§ Information

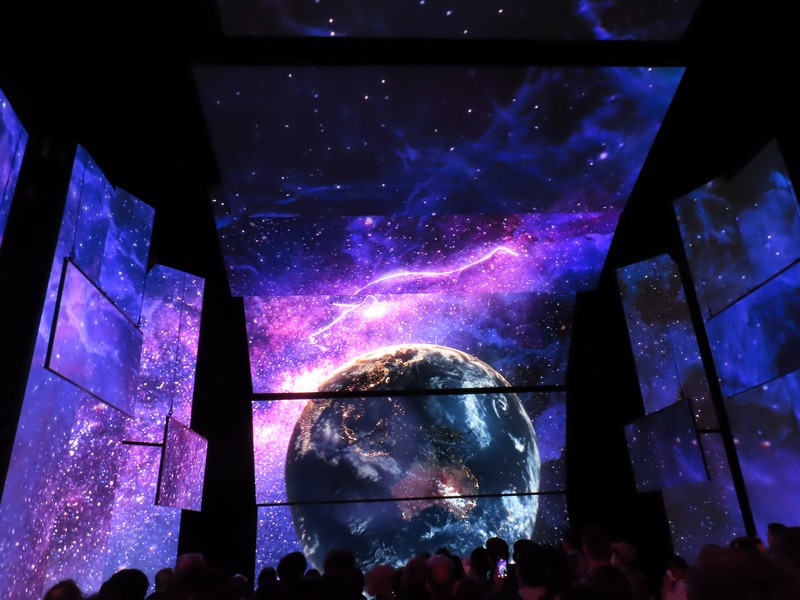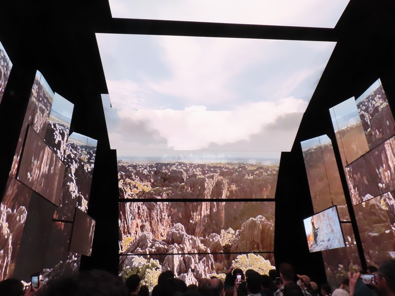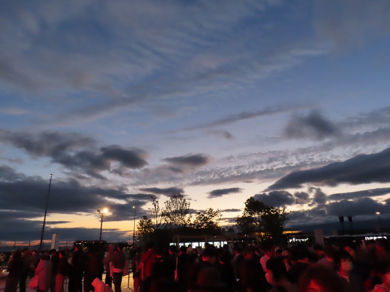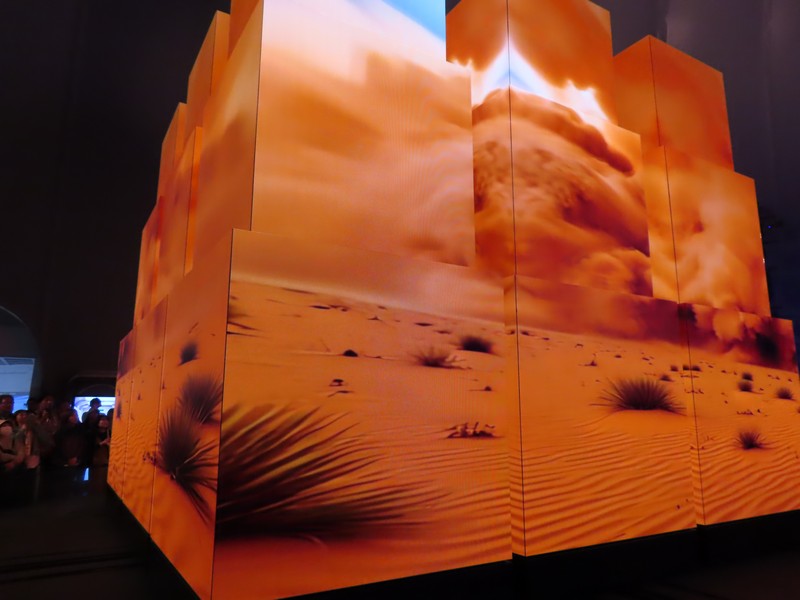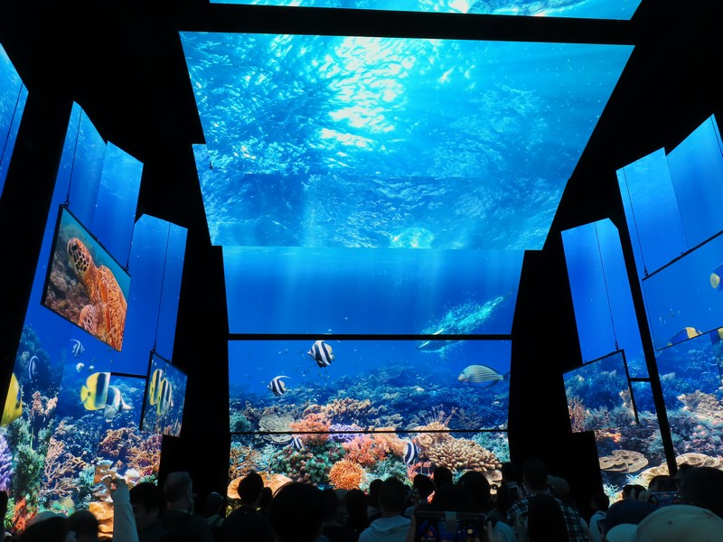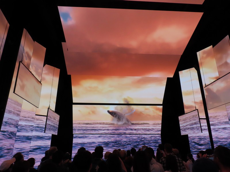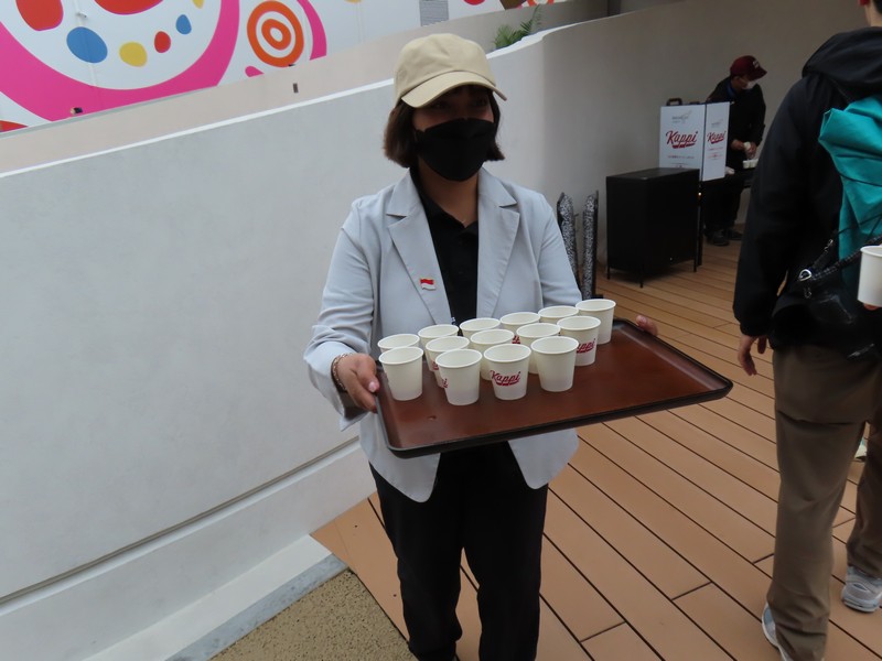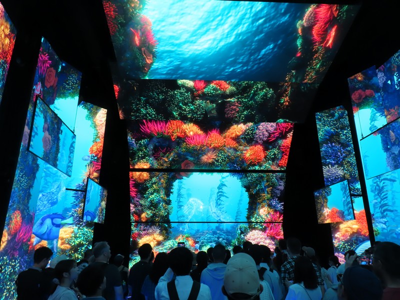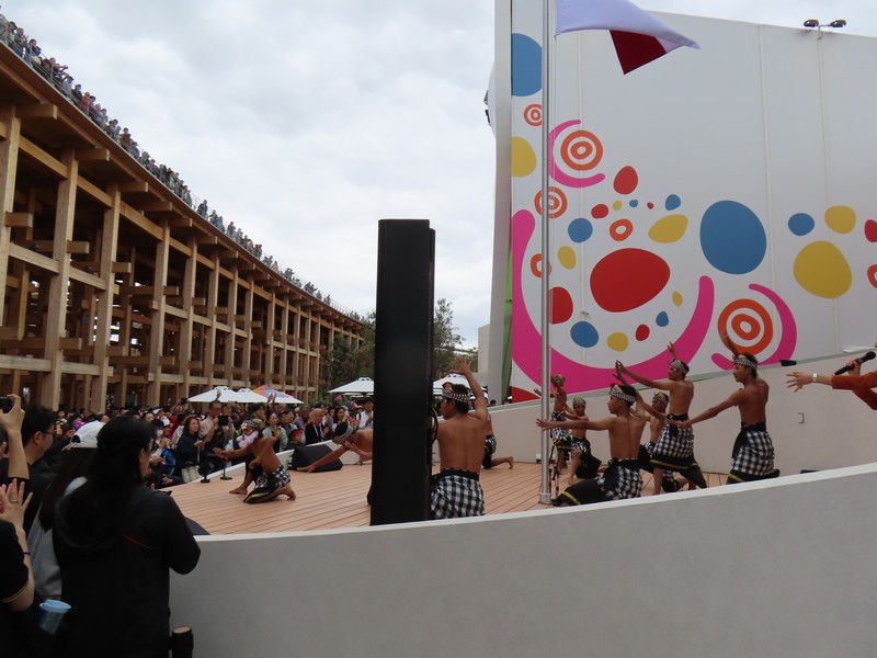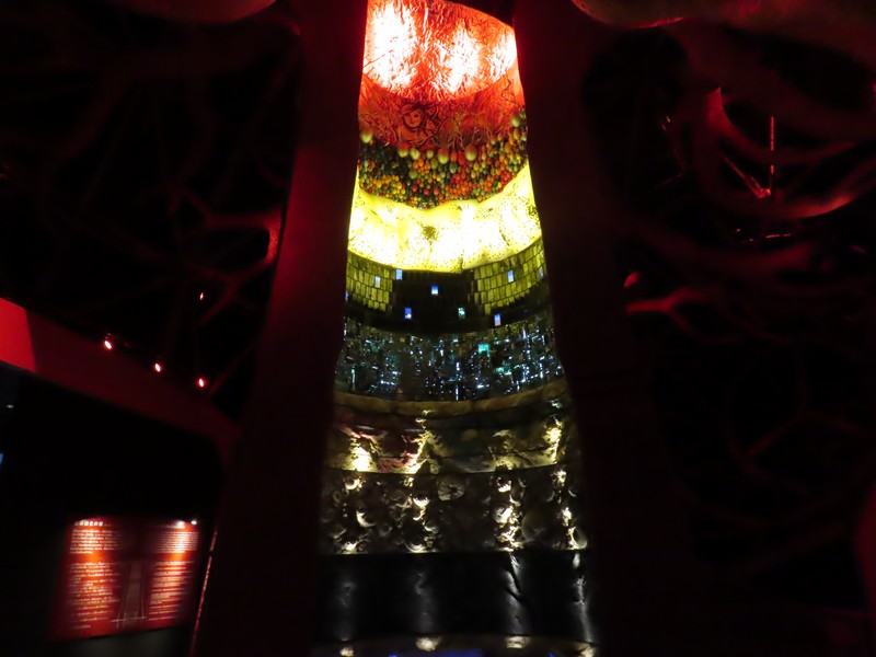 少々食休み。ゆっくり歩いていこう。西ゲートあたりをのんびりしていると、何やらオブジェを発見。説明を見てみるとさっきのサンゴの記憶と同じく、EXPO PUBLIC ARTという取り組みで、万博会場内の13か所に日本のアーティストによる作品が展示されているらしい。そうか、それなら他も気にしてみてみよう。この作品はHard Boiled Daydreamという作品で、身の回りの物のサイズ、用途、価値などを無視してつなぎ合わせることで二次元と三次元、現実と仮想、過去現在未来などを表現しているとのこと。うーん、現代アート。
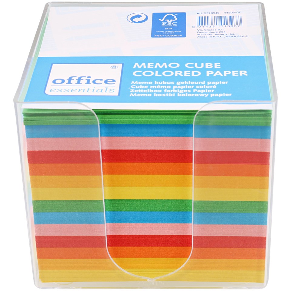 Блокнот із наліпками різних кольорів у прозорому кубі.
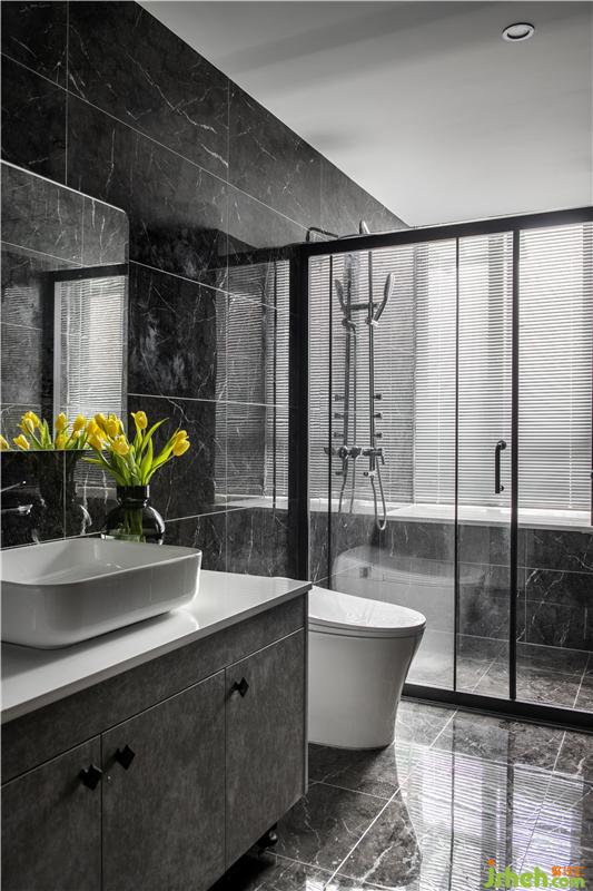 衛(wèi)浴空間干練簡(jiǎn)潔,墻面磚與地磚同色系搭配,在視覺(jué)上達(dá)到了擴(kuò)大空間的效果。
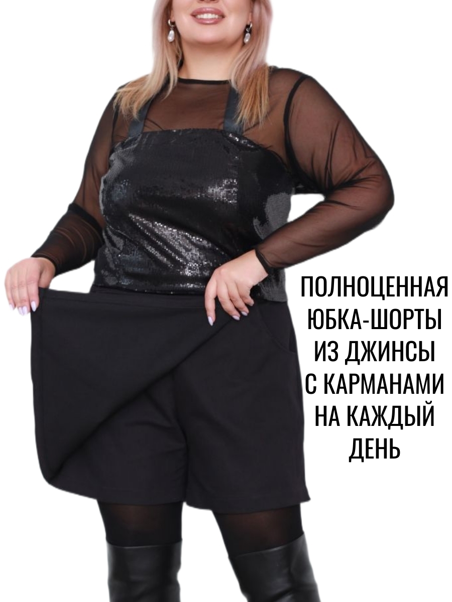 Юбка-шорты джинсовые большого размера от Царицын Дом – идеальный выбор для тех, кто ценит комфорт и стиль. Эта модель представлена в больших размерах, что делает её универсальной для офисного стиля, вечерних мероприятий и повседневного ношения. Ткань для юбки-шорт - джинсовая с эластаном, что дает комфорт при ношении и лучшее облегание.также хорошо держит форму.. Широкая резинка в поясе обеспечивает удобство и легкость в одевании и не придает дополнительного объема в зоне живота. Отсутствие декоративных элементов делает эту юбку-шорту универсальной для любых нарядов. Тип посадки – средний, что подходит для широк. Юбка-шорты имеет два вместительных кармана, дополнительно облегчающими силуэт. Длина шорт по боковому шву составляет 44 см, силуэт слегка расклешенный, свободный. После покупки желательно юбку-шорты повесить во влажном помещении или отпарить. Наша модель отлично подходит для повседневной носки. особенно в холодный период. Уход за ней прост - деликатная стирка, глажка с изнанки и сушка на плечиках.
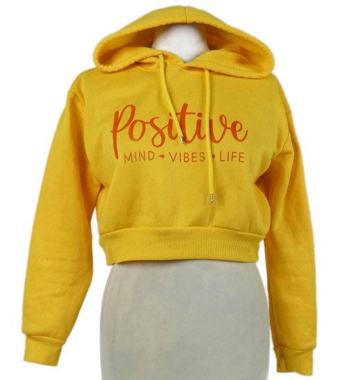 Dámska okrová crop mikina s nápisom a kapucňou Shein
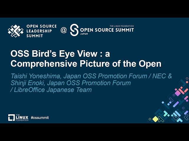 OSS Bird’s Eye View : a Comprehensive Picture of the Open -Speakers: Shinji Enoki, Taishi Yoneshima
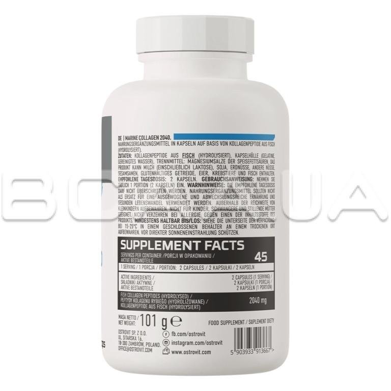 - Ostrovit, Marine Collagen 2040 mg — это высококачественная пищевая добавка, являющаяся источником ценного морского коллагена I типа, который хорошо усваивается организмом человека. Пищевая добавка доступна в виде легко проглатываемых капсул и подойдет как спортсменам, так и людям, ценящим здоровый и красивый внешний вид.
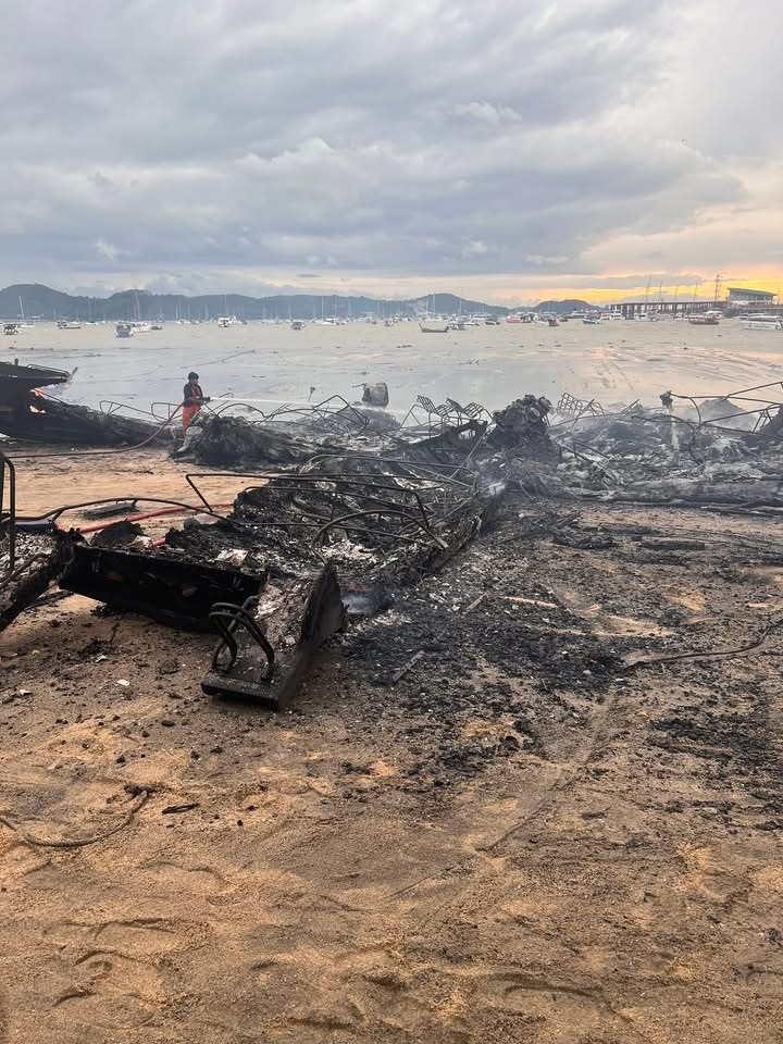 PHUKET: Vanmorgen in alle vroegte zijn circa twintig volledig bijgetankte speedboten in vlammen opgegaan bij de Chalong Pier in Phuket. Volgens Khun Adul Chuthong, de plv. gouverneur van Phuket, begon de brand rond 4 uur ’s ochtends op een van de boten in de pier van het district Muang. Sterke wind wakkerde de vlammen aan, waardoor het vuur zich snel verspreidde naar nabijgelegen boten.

§ Exercise instructions
Among the entries above, copy exactly the stretch from the line holding "OSS Bird’s Eye" through the line holding "- Ostrovit, Marine", leaving out any pictures.

§ Written answer
 OSS Bird’s Eye View : a Comprehensive Picture of the Open -Speakers: Shinji Enoki, Taishi Yoneshima
 - Ostrovit, Marine Collagen 2040 mg — это высококачественная пищевая добавка, являющаяся источником ценного морского коллагена I типа, который хорошо усваивается организмом человека. Пищевая добавка доступна в виде легко проглатываемых капсул и подойдет как спортсменам, так и людям, ценящим здоровый и красивый внешний вид.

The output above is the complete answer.